Sangha Virtual

 Estudos Budistas

Tradição do Ven. Thich Nhat Hanh

 

Consciência do Corpo

 

O primeiro estabelecimento da atenção plena é a atenção plena do corpo no corpo. Eu amo o fraseado disso. Não é a atenção plena do corpo a cinco centímetros de distância; é a atenção plena do corpo de dentro do corpo, do próprio âmago de nossa experiência. Para muitos de nós, estamos separados um pouco de nossa fisicalidade, e a prática da atenção plena do corpo de dentro do corpo é uma prática incrivelmente curativa. Nossa prática nos leva de cima de nossas orelhas para o âmago de nossa experiência corporificada. À medida que nossa atenção plena se desenvolve, ela se aprofunda em concentração, o que no budismo significa ser um com o objeto de nossa atenção, o observador e o observado tornando-se um.

 

Então, como começamos a estabelecer a plena atenção do corpo no corpo? Já descobrimos nossa respiração e estamos desenvolvendo alguma intimidade com ela como um objeto de meditação, tanto na meditação sentada quanto ao longo do dia. Uma maneira de começar a estabelecer nossa atenção plena em nosso corpo é trazer consciência a nosso corpo à medida que nos movemos pelas quatro posições: ficar em pé, andar, sentar e deitar.

 

Trazemos nossa atenção plena para cada uma dessas posições de nosso corpo, observando, por exemplo, “Estou de pé” e realmente experimentando o que é ficar de pé. Qual é a sensação? Que sensações surgem? Leve essa consciência ampla ao longo do dia. Se formos novos nesta prática, será um desafio manter a consciência constantemente, então podemos começar simplesmente observando sempre que mudamos nossa postura. Quando você passa da posição em pé para a posição sentada, pode notar para si mesmo, "sentado", e levar uma fração de segundo para perceber que está sentado, enraizando-se em seu corpo. Quando você se deitar, apenas observe para si mesmo, "deitado". Ao caminhar, traga consciência para o seu corpo em movimento e para o simples fato de que você está caminhando - que alegria!

 

Gosto de ver as pessoas praticando a meditação andando pela primeira vez ou pelas primeiras vezes. Achamos que sabemos o que é andar: achamos que aprendemos tudo quando éramos crianças. Nada de novo aqui! Achamos que sabemos como nossos pés se movem, como nosso corpo se move no espaço. Quando as pessoas começam a desacelerar e dar três passos com a inspiração, três passos com a expiração, muitas vezes pode ser uma experiência muito estranha para elas e elas começam a se sentir desequilibradas e cambalear um pouco porque está tão habituado a uma maneira particular de andar inconsciente.
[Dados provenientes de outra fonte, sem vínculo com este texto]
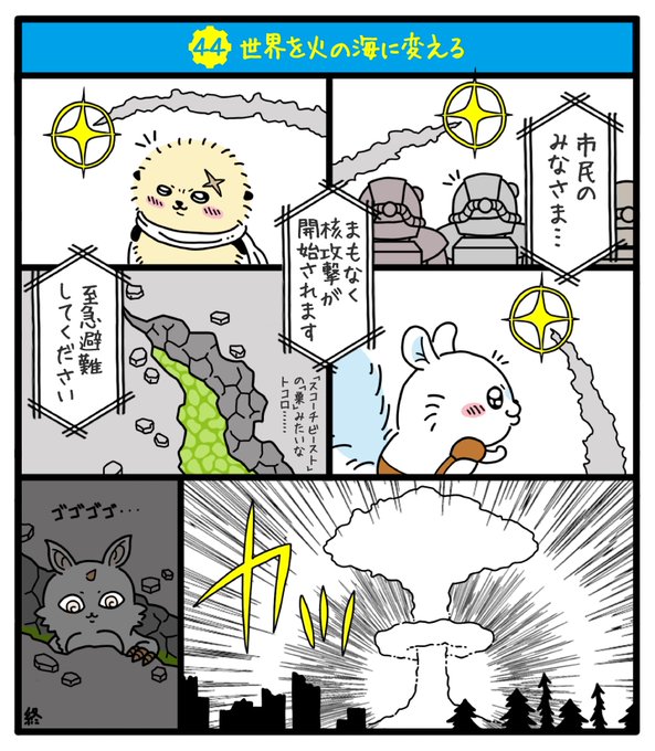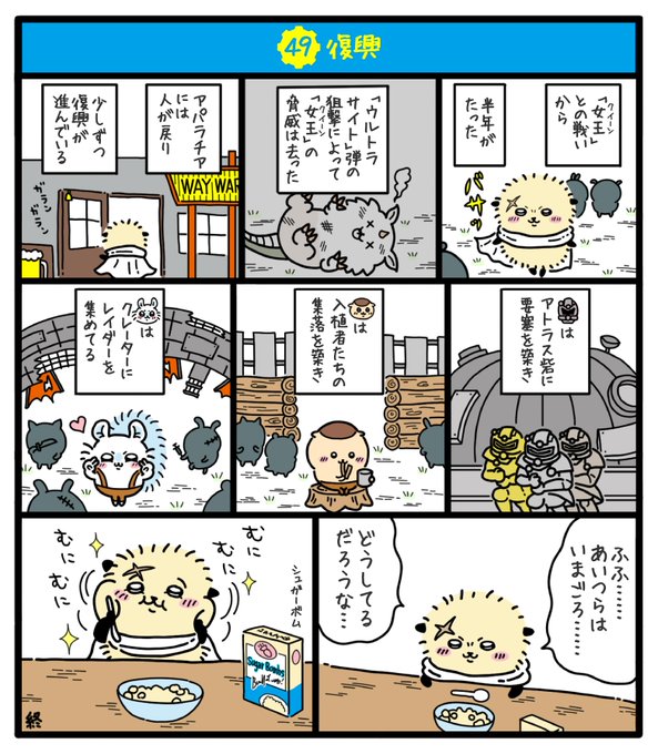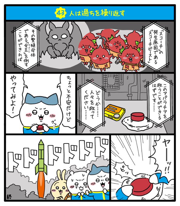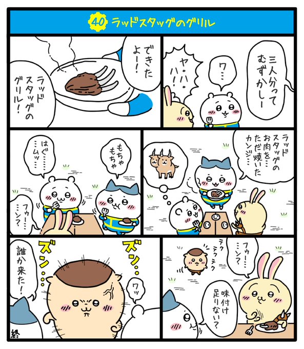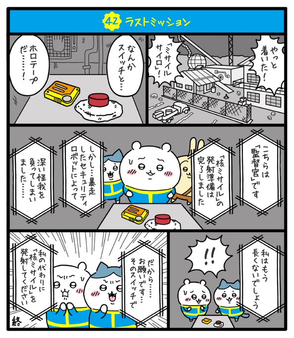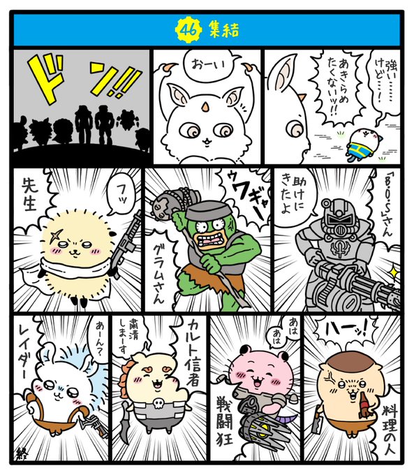 核戦争によって荒廃し弱肉強食の掟が支配する過酷な暴力の世界で ちいかわちゃん達が文明を復興する物語が完結しました👋 #fallout76 #フォールアウト76 #ちいかわファンアート #ちい76

Há muito a descobrir mesmo nas ações mais simples e comuns, ou talvez deva dizer especialmente nas ações mais simples e comuns.

 

Da mesma forma, pensamos que já sabemos o que é sentar e deitar. Achamos que sabemos o que é permanecer. A atenção plena ao corpo é uma prática de descoberta das maneiras habituais com que movemos nossos corpos, de interagir com o espaço; é uma prática de desaprender e reaprender. Há tantas descobertas esperando por você quando você retorna à intimidade com seu corpo, tal como ele é. Existem tantos momentos “aha”. Seu corpo é uma maravilha, mesmo com suas dores e sofrimentos e cabelos grisalhos (ou, como já ouvi serem chamados, fios de sabedoria).

 

À medida que nossa consciência baseada no corpo cresce e se desenvolve, notamos todos os movimentos sutis dos músculos. Até começamos a perceber a intenção de nos mover. Percebemos o surgimento e o desaparecimento das sensações a cada momento. A plena atenção do corpo pode ser muito profunda. Para começar a desenvolver essa primeira base de atenção plena, comece simplesmente observando as diferentes posições de seu corpo à medida que você entra nelas com aquela consciência gentil, relaxada e gentil que chamamos de atenção plena.

 

Prática sugerida: varredura corporal

 

Outra prática de atenção plena do corpo no corpo é fazer uma varredura completa do corpo. Podemos fazer isso durante a meditação sentada ou em outros momentos do dia. Podemos estar cientes de todas as diferentes partes de nosso corpo; tradicionalmente são trinta e dois listados: cabelo da cabeça, cabelo do corpo, unhas, dentes, pele, músculos, tendões, ossos, medula óssea, baço, coração, fígado, membranas, rins, pulmões, intestino grosso, intestino delgado , desfiladeiro, fezes, bílis, catarro, linfa, sangue, suor, gordura, lágrimas, óleo, saliva, muco, óleo nas articulações, urina, cérebro.

 

Como você começou a descobrir neste livro, o budismo é muito importante nas listas. Existem listas de tudo, principalmente porque o budismo foi uma tradição oral por aproximadamente quinhentos anos após a morte do Buda. Portanto, foi uma ótima maneira de as pessoas memorizarem. Há uma linhagem oral profunda nos ensinamentos budistas.

 

Concretamente, quando praticamos a varredura corporal, nossa atenção plena flui através das diferentes partes do nosso corpo: cabelo na cabeça, cabelo no corpo, unhas, nossos dentes, nossa pele, nosso coração, nosso sangue, nossos pulmões, nosso intestinos, nossos ossos, nossa medula óssea, todas as diferentes partes do nosso corpo, e reconhecê-los pelo que são, trazendo a energia da consciência plena para lá. Quando levamos a energia da atenção plena a um órgão, tecido ou parte do nosso corpo - pelo menos para mim - surge a gratidão.

 

Falando em cabelo na cabeça, como monge não tenho tanto. No ano passado, eu estava sentado no trem em Brisbane na frente de dois jovens que conversavam a caminho do trabalho. Um dos caras reclamou para o outro: "Cara, estou tendo um dia com o cabelo tão ruim, simplesmente não consigo fazer com que fique bem hoje." Sentei-me lá e percebi que uma das grandes alegrias da vida monástica é que nunca tenho dias de cabelo feio. Eu, no entanto, tenho que ser completamente honesto e compartilhar que todos os dias da minha vida eu tenho um dia sem cabelo!

 

Prática Sugerida: Relaxamento Total

 

Uma maneira de praticar a varredura de nosso corpo em nossa tradição de Plum Village é o relaxamento total - reservar algum tempo durante nosso dia de trabalho ou no final do dia para deitar e fazer uma varredura de corpo inteiro, reconhecendo, relaxando e liberando todas as diferentes partes do corpo.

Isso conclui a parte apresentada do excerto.